Radiología: se puede descartar la presencia de aire libre y visualizar el engrosamiento de la pared colónica e impresiones digitales que pueden indicar isquemia.

Laboratorio: análisis de deposiciones y cultivos.

La presencia muy intensa (+++) de leucocitos fecales positivos traduce un proceso inflamatorio, que puede deberse a agentes como: Shigella, Campylobacter, Escherichia coli. Los leucocitos fecales negativos pueden indicar etiologías causadas por enterotoxinas, como en el caso del cólera, rotavirus, parásitos como las amebas, otras cepas bacterianas de la Escherichia coli y toxinas bacterianas del Staphylococcus aureus.

El examen directo de las deposiciones es útil y su costo es bajo.
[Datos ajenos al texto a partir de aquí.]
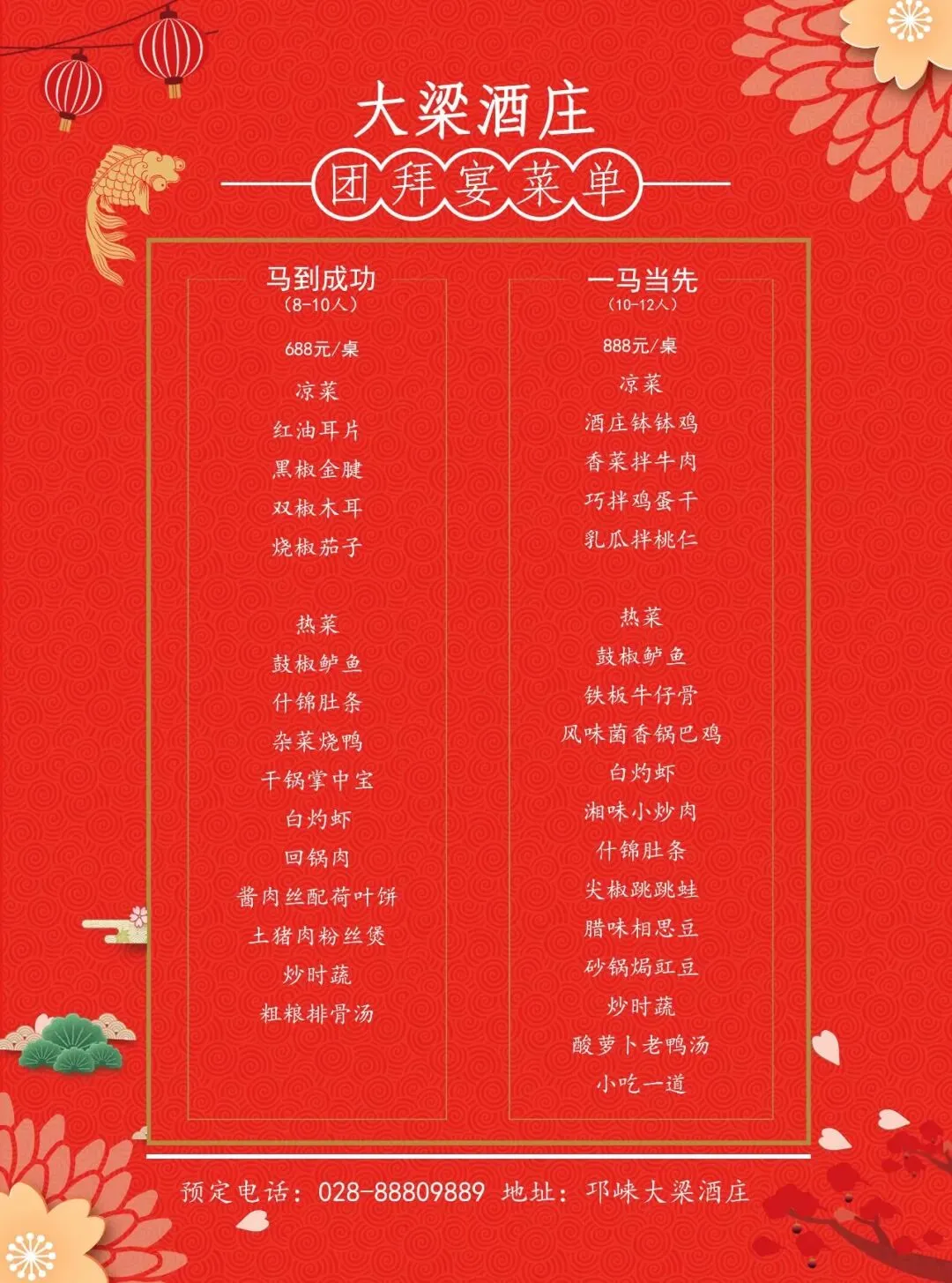 “马到成功宴”8---10位,套餐价888元,优惠价688元

La tinción de gram podría orientar hacia Neisseria, Campylobacter o a la detección de huevos de parásitos.

Los hemocultivos también ayudan al diagnóstico.

Además, se puede encontrar la presencia de toxina en deposiciones, en el caso de Clostridium difficile.

Serología: existen anticuerpos específicos en la detección de sífilis, Chlamydia, citomegalovirus. La desventaja es que es un procedimiento caro e inespecífico del compromiso gastrointestinal.+

En cuanto a las pruebas genéticas, como la reacción de polimerasa en cadena (PCR), hibridación de DNA, son de alto costo y no muy aplicables a la clínica.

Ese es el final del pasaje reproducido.